Sam slid out of his bed, toes touching a cool gray laminate. He slithered down the hall, knocking three quick raps on his brother's door as he passed. Max was snoring lightly within, Sam could hear it, like he could hear most subtle and potentially unimportant things. He yawned and stretched out on the living room sofa, opening up his palm pilot and scrolling to the news.
The game had opened a local viewing port at the end of their industrial block. Sam's finger hovered over the block lettered "SUBSCRIBE" below the 7:45 AM time slot. He glanced at Max's door, and pressed.
He pulled on his deep gray jacket and headed out into the white sky day.
He made it to the game vestibule.
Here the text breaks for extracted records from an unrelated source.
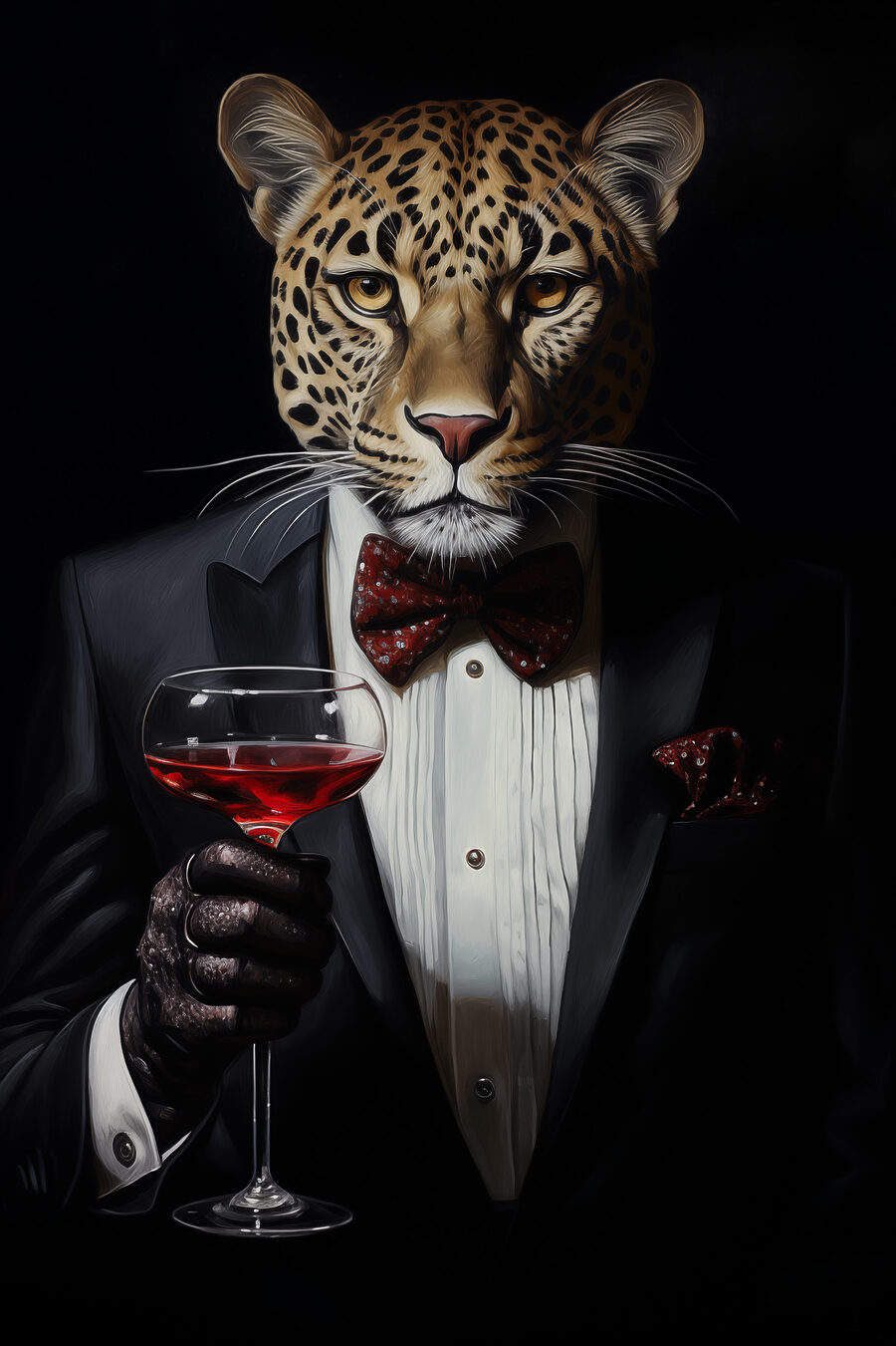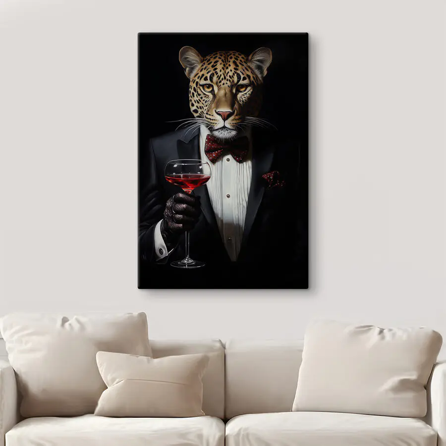 Stel je voor dat je thuiskomt en je ziet een luipaard in pak met strik en een wijnglas in de hand – en niet zomaar een luipaard, maar het perfecte, debonair exemplaar dat je op je etentje zou willen zien. Deze zwart-witte canvas print voegt een vleugje eigenzinnigheid, verfijning en, laten we eerlijk zijn, een beetje mysterie toe aan je interieur. Perfect voor zowel dierenliefhebbers als kunstliefhebbers, het is een conversatiestarter die gasten laat nadenken over de wilde werelden van elegantie en charme. Plaats het in je woonkamer voor een vleugje van het buitengewone, want wie houdt er niet van een goed geklede katachtige met gevoel voor humor?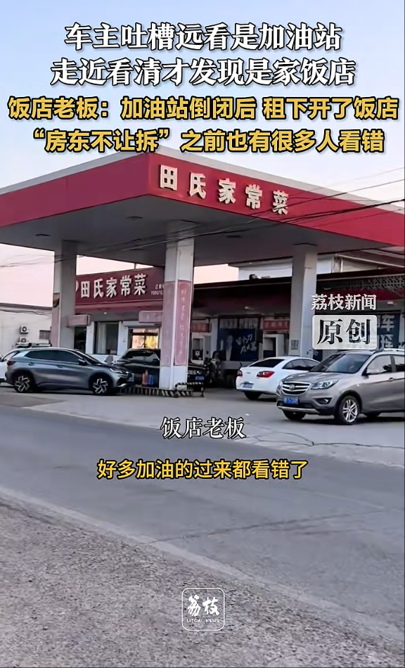 饭店老板回应荔枝新闻记者,好多加油的过来都看错了,加油站不干了,我盖了个饭店,房东不让拆,他还等着拆迁。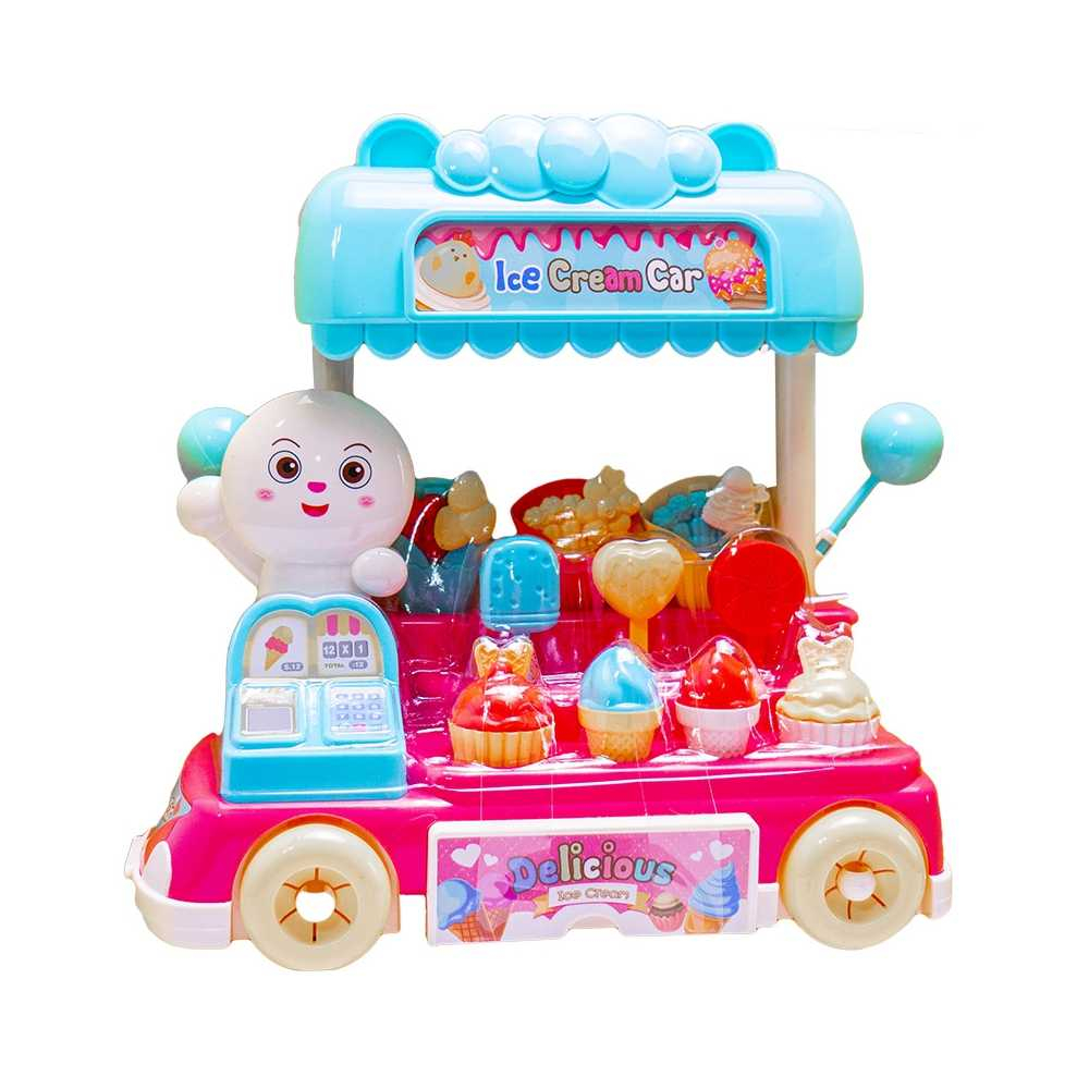 Masina de inghetata cu baterii si diverse accesorii. Jucaria emite sunete si lumini si incurajeaza imaginatia si jocurile de rol.
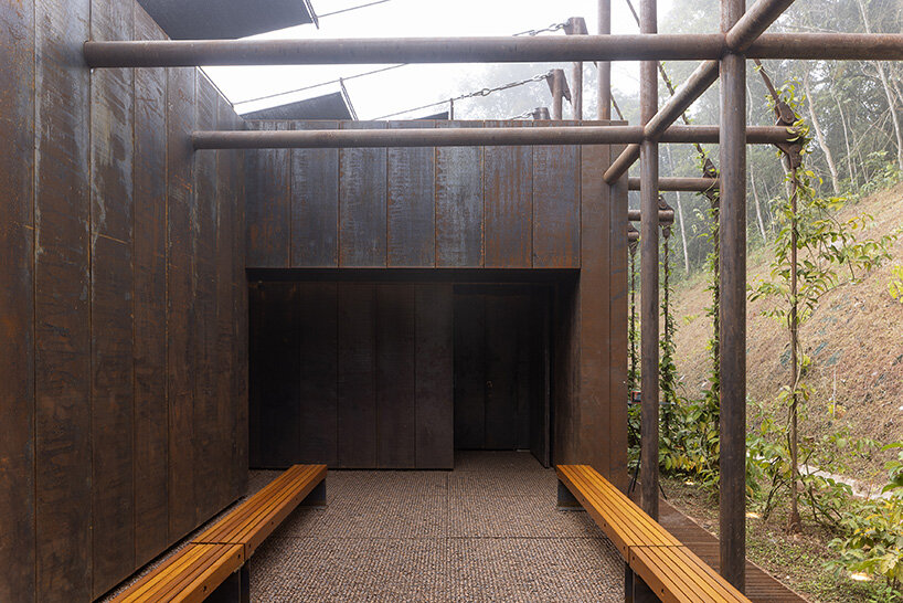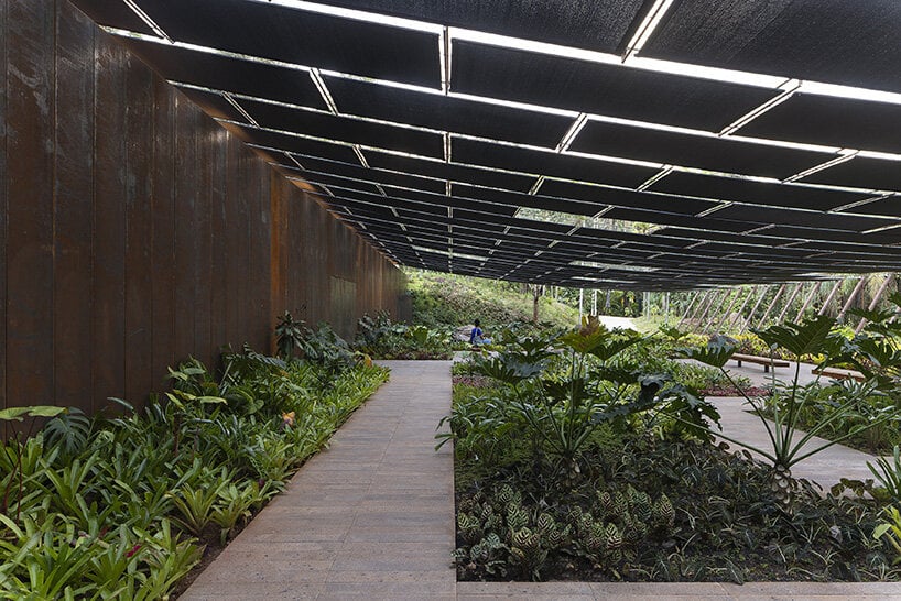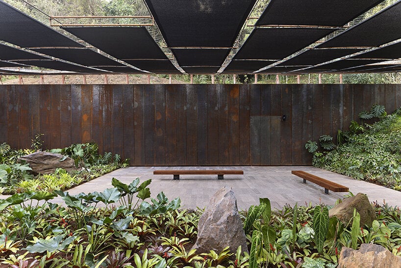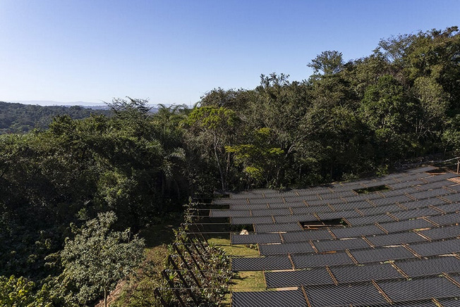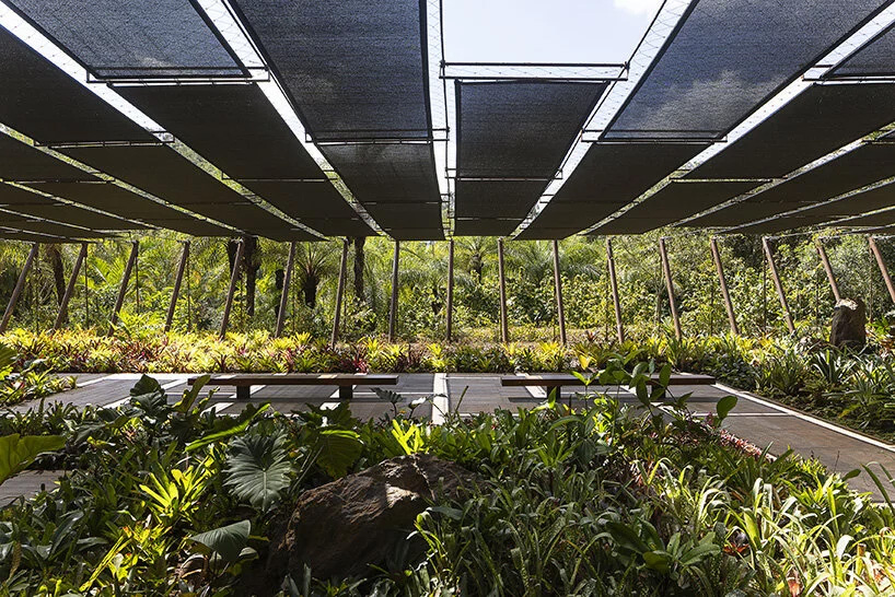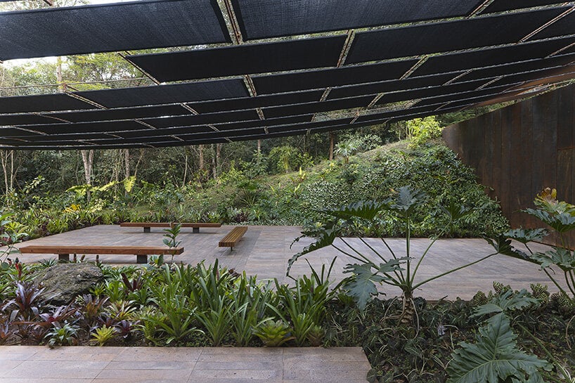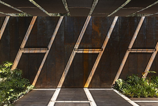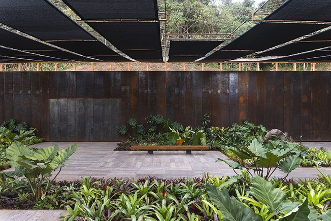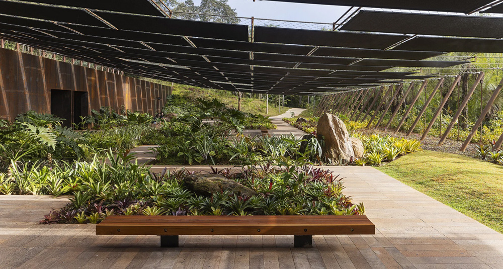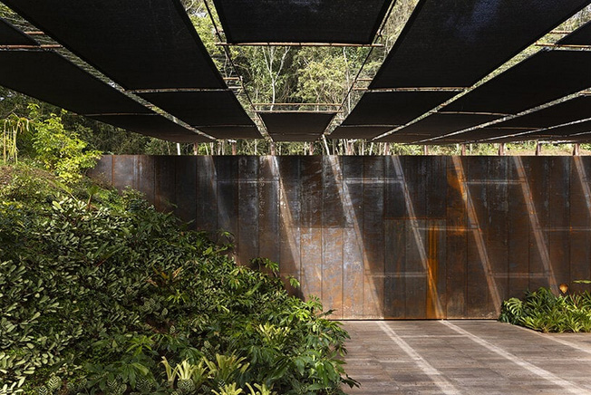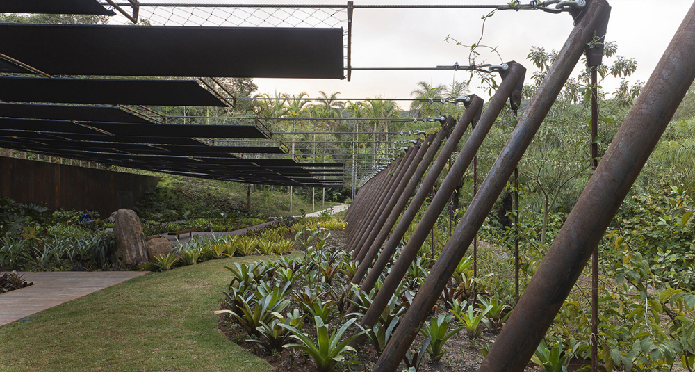معماران فرناندو ماکولان (MACh) و ماريا پاز (ريزوما) در طراحي گالري Yayoi Kusama Instituto Inhotim با تمرکز بر مينيماليسم و عملکرد، به ويژه با سيستم سايه، نزديک شدند. سيستم سايه دهي با استفاده از رشته اي از کابل ها که به صورت موازي چيده شده اند، بالاترين نقطه نزديک شيب برش را به پايين ترين نقطه در انتهاي مخالف متصل مي کند. انحناي ملايم اين خطوط به طور استعاري نمايه سايت اصلي را بازسازي مي کند و مداخله آن براي ايجاد شيب را تصديق مي کند. اين سايه کشي در عين استفاده از فضاي ايجاد شده توسط برش زمين، مزاياي عملي را فراهم مي کند.

There was a woman emerging from behind what looked like a photo booth curtain, tears in her eyes. She scuffled away, muttering to herself about how life was indeed not what she thought it might have been. Sam ignored this, as he knew that (like most things) maybe he was not supposed to hear it. He did not look back again when he heard the woman pick up her pace to a panicked run.
Sam pulled back what he did not know to be a red curtain, to sit on what he did not know was a primary-blue plastic bench. He loaded up the game by pressing one simple gray button in the middle of the screen.
Sam's world exploded into color. He didn't have the words. Only the eyes for it. His eyes made words in his mind, made images in his mind that buzzed and trilled and spun.
When it was over, Sam pulled back what he knew was a rich red curtain. He couldn't see it, but he knew it was fiercely red and worth seeing.
He shuffled back towards his home, where he wondered if Max was in his room at all.
He began to pick up his pace, running full tilt, tripping over his own feet.
As he passed the spot he had last seen the woman, he saw she had left one white shoe behind before leaping into the gray sea below. Sam shook his head fiercely, and also understood. The game was killer, it was beyond his world, beyond her world. He looked back at his apartment, and knew Max wasn't in his room.
--
Phew man, that was 25 minutes. 20 min is hard to write a decent anything--but a good length of time to not overthink it! Not mythical, not original, pretty bland, but is something!! Thank you Madeleine!